While Sacks does incorporate into the book what she terms the “Top Rated Terminators,” which she deems to be “ten things[…]being done to food that are just not cool,” she also stresses that no single food is forbidden, to both herself or her sons. As she begins to discuss family, more of the audience’s questions turn to the subject of children. What about other kids’ birthday parties? What about the things those kids bring to school for lunch?

Emphasizing that there will always be edible environments in which one cannot exercise complete control, Sacks explains that she and her children both understand that “there’s the way we eat at home,” which isn’t necessarily adapted by everyone. For trips to the movies, she says, “all bets are off”; given the choice between bringing two types of candy from the health food store to the theatre, or buying one there, her boys typically go for the latter. If her own children want a multi-colored cake for their birthdays, she makes it herself using India Tree natural food coloring and, when they want hot dogs, she serves them Applegate ones.

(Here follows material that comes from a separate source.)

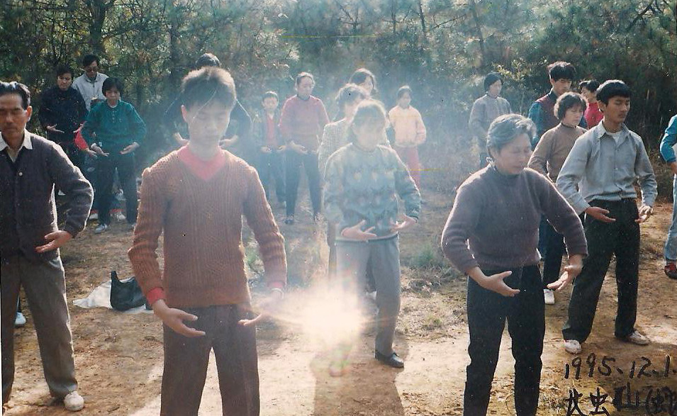 【明慧网二零一零年五月八日】一九九五年十二月一日,云南省交通学校与云南冶炼厂等炼功点的大法学员,借周末休息日,到昆明市西郊蛇山(又名长虫山)集体炼功洪法,当时拍了一组照片,这是其中之一。照片上可以清晰的看到水平方向旋转的法轮。

The key, she says, is treating children like cognitive human beings, and giving them the power of information by explaining what certain ingredients are or can do, without trying to scare them. It is in that sentiment that she pinpoints her original thesis: We all need the fundamental knowledge about what we’re eating, but too many of us simply don’t have it, which is why, she says, so many parents think that something like Confetti Cake Pop-Tarts enriched with “essential vitamins and minerals” are a healthy breakfast.

That power of information goes both ways, Sacks says, pointing to a story of one client who completely forbid her young daughter from consuming more conventional items at her peers’ birthday parties. Withholding an awareness of moderation, or using knowledge dogmatically, she explains, is no better, and detracts from the realistic approach to healthy living that she maintains is far easier to accomplish than people tend to believe. “Small changes do make a difference,” she says, which is why part of her technique with clients is to help them make better choices in buying food, whether they shop at Whole Foods or Stop and Shop. She offers such simple tips as buying organic frozen berries, rather than their more expensive fresh counterparts. “Oh, my God,” her clients say. “I didn’t know it was so easy.”

“This book is meant for the mainstream,” she explains. “The silos have to come down.”